CIT Group (CIT) tanked 7% Tuesday after posting dismal quarterly earnings and a steep currency bill tied to the sale of some of its Brazilian operations.
Earnings per share of $0.75 missed Wall Street's expectations by 10% and sales of $805 million fell 2% short, based on Bloomberg consensus data. Meanwhile, net income of $144 million dropped 43% year over year.
The New York-based commercial lender's decline was caused by an unexpected hike in acquisition and restructuring costs, including a $58 million after-tax charge related to the sale of some non-strategic Brazilian businesses, largely driven by currency headwinds.
"Excluding restructuring costs and the amortization of intangibles, operating expenses were quite a bit below the normal run rate due to lower employee costs and adjustments related to FDIC insurance premiums," CFO Carol Hayles said on the earnings call.

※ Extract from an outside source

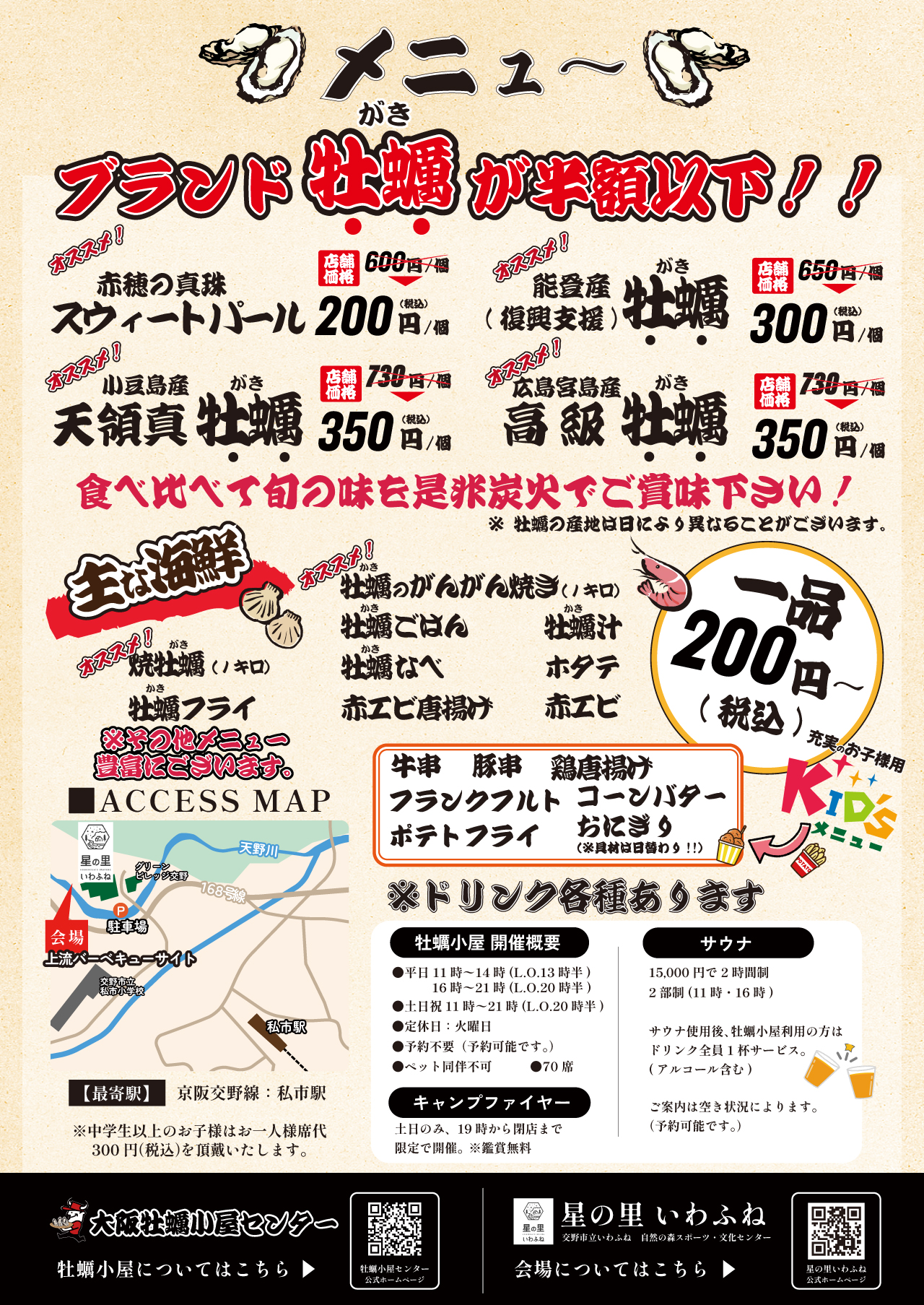交野市に初登場‼ 地域の自然と食の魅力を存分に楽しめる、 冬季限定の「本格炭火BBQスタイル牡蠣小屋」が、 2025年11月15日(土)~12月27日(土)まで【星の里いわふね】にOPEN‼

Had it not been for such charges, CIT Group would have been comparably thrifty on the quarter, especially after scaling back employee costs, including bonuses, by about $20 million, Hayles said.
CIT also saw some of its leasing revenue dry up when some of its commercial planes needed to come off the market for repairs.

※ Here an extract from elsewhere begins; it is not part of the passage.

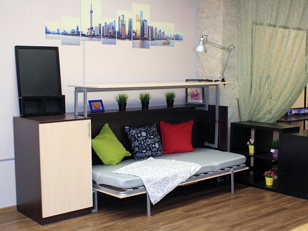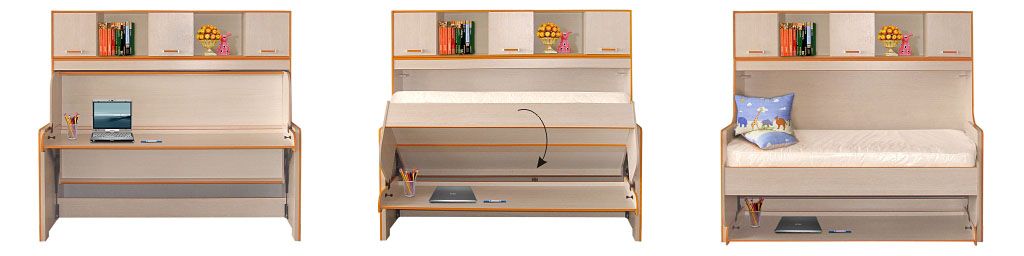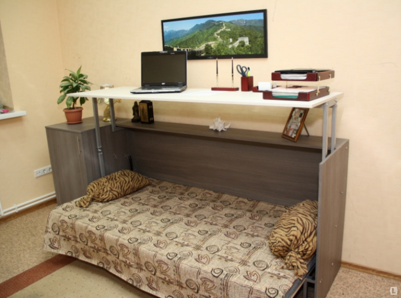 سرير الطاولة هو منتج جيد يسمح لك بإدراك الوظيفة المشتركة للمكتب وسرير مفرد على مساحة مترين من المساحة.

"We had a couple of planes that came off lease that needed to be kind of refurbished ... and caused elevated costs in the quarter," Hayles said. "That's the item that I said ... we wouldn't expect to recur at that level."
CEO John Thain, who's expected to retire this quarter, said CIT is focused on establishing itself as a purer commercial bank, which was reinforced with last year's acquisition of OneWest Bank and the sale of some of its Brazilian and Mexican operations.
CIT Group certainly does need to see a turnaround, as shares have fallen 38% over the last 12 months. And Wall Street appears confident the company can pull it off, as 62% of its listed analysts maintain Buy ratings and a price target of roughly $50, or 81% above Tuesday trading levels, according to Bloomberg consensus data.